Can we mitigate the effects of simultaneous liver-kidney transplantation through increased utilization of HCV-positive donors?

The MELD era has seen a significant rise in the numbers of simultaneous liver-kidney transplantations (SLK). Prior to August 2017 there had not been any specific national policy addressing the allocation of the deceased-donor kidneys to patients with liver failure who were on dialysis or with renal failure. A new SLK policy was recently implemented, establishing standardized national guidelines for the allocation of kidneys to SLK recipients.1

SLK candidates continue to receive priority over kidney-alone transplant recipients, including pediatric patients, prior living donors, and highly sensitized patients. This effectively removes higher quality kidneys from the pool available for the kidney-alone candidates. In the context of a marked donor kidney shortage, the new SLK guidelines remain controversial because high-quality organs are diverted away from kidney-only recipients.2

One step toward mitigating the effects of limited organ availability is to minimize the numbers of discarded organs. In the United States, deaths due to opiate overdose have nearly tripled over the past 15 years.3 Overdose-death organ donors have also dramatically increased from 1.1% of organ donors in 2000 to 13.4% in 2017.3 One quarter of potential donors dying of drug overdose are hepatitis C virus (HCV) infected.4 In the era of highly effective and well-tolerated therapy for HCV, there is an opportunity to expand the use of HCV-positive organs.

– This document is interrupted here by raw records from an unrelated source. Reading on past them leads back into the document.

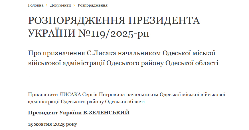 https://racurs.ua/n209695-zelenskiy-naznachil-glavu-dnepropetrovskoy-ova-lysaka-glavoy-odesskoy-mva.htmlРакурсСергій Лисак призначений головою Одеської міської військової адміністрації.
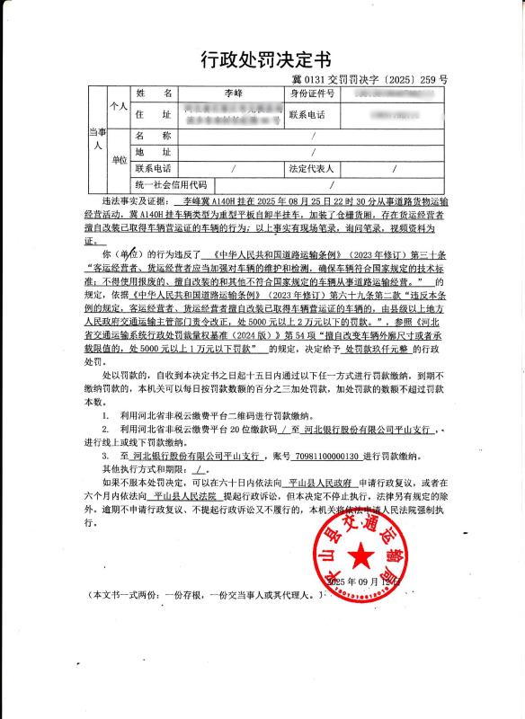 李峰货运经营者擅自改装已取得车辆营运证的车辆的行为,冀0131交罚罚决字【2025】259号
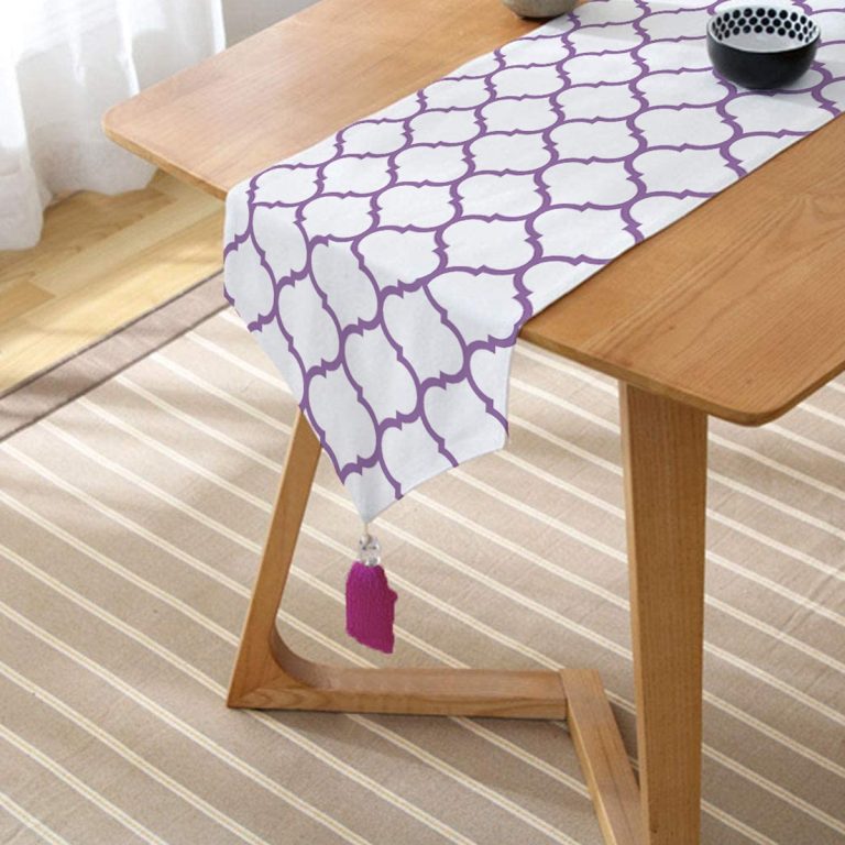 Realhomes Mor Renkli Ogea Desenli Dijital Baskılı Modern Özel Tasarım Püsküllü Şönil Üçgen Runner
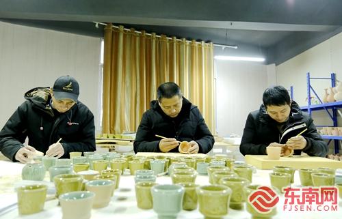 福建畅宏工艺品有限公司员工正在制作青瓷
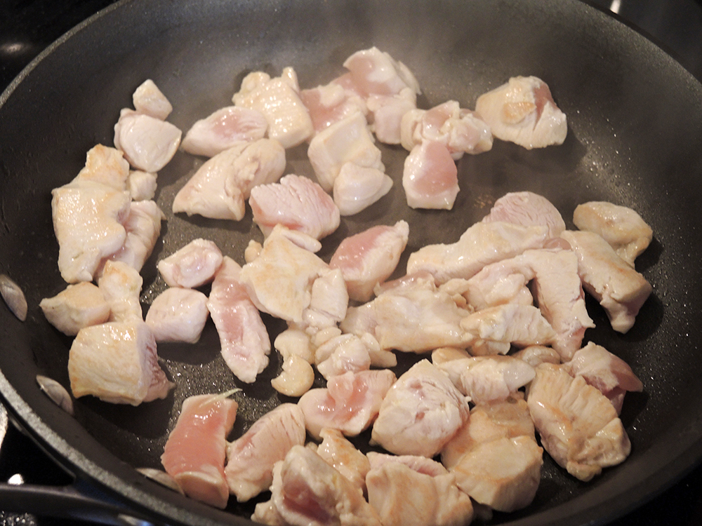 - In a medium to large skillet place a teaspoon of olive oil and bring the heat up to medium-high. Sear the chicken in batches until the sides are golden-brown. You are not trying to cook the chicken, but rather just give the pieces some color. It’s ok if not all of the chicken has hit the pan and still looks a little raw, so don’t overdo it.

We analyzed the pattern of SLK listing using the United Network for Organ Sharing database between January 2013 and September 2017. The number of candidates listed for HCV-positive SLK donors is decreasing, with 398 (35.6%) listed in 2013, 366 (31.1%) in 2014, 331 (26.1%) in 2015, 265 (21.2%) in 2016, and 194 (21.8%) through September 2017. This decline mirrors the decline in HCV-seropositive liver transplant candidates, from 2424 (38.2%) of those listed in 2013 to 2029 (26.3%) of those listed in 2016. For candidates listed to accept HCV-positive SLK donors, 1009 (64.9%) were HCV positive, while 545 (35.1%) were negative. For candidates listed to accept SLK from HCV-negative donors only, 461 (11.1%) carried HCV diagnosis and 3688 (88.9%) were HCV negative.

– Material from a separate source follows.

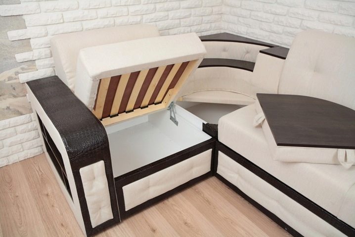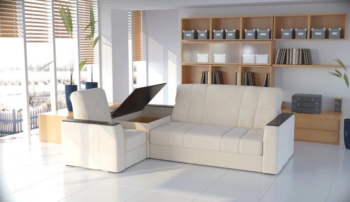Здрав капак се издига над седалката. По този начин получавате не само диван, но и масичка за кафе. Подлакътниците също имат твърда повърхност. Те могат да се използват като подложки за чаши. Тапицерията е плат, кожа. Всичко ще зависи от категорията пълнител, пружинен блок, размер, завършек. Съответно цената ще зависи от тези показатели..
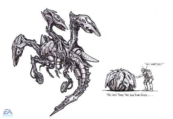 The game was to feature four factions - GDI, Nod, a CABAL faction and the Scrin. It is unknown if the Scrin were intended as a playable side, although concepts for a Scrin trooper exist.

Over this period, there were 642 liver-alone transplants performed from HCV-positive donors where at least 1 of the kidneys was discarded. The predominant reason for discard was a lack of available recipient (374, 58%) and another 54 (8.4%) were discarded because of hepatitis. The mean Kidney Donor Profile Index (KDPI) of the HCV-positive kidneys from these donors was 61 ± 20 and adjusted KDPI (minus HCV status)5 was 35.5 ± 18.4 (Table 1). The average donor age was 37.5 ± 10.9, and 78.4% were at PHS increased risk. Overall, a total of 918 HCV-positive kidneys were discarded.

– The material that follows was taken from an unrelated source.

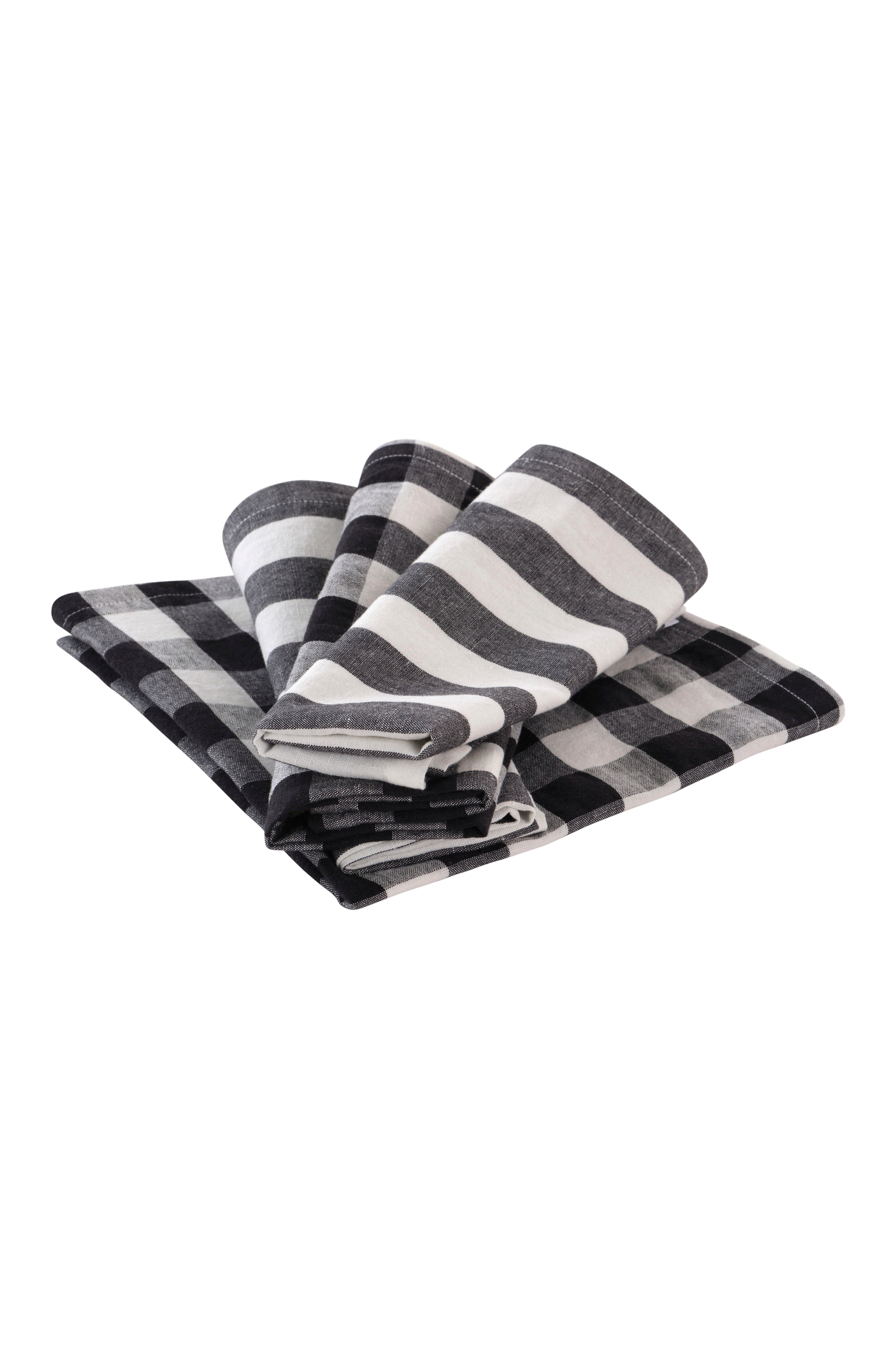 SANNE-serviettsættet består af fire dele: to med stribet design og to med ternede mønstre. Det er fremstillet af en blanding af bomuld og hør og giver din spisestue et moderne præg. Koordiner med matchende elementer for et sammenhængende udseende.

A large number of good-quality kidneys are discarded annually because of HCV-positive status. At the same time, the number of SLK transplants is increasing, from 494 in 2013 to 739 in 2017. The wider use of HCV-positive kidneys for SLK recipients represents an opportunity to offset the number of high-quality kidneys that otherwise would be allocated to kidney allocation system priority groups. With the availability of highly effective and safe direct-acting antiviral (DAA) agents for posttransplant HCV infection in conjunction with appropriate patient education and informed consent, HCV-positive organs can be considered for both HCV-positive and negative recipients, taking into consideration their clinical status on the waiting list. Timely access to DAA therapy, including insurance coverage, and close patient follow-up by expert multidisciplinary providers is essential in the successful outcomes of these transplant recipients.

DISCLOSURE

The authors of this manuscript have no conflicts of interest to disclose as described by the American Journal of Transplantation.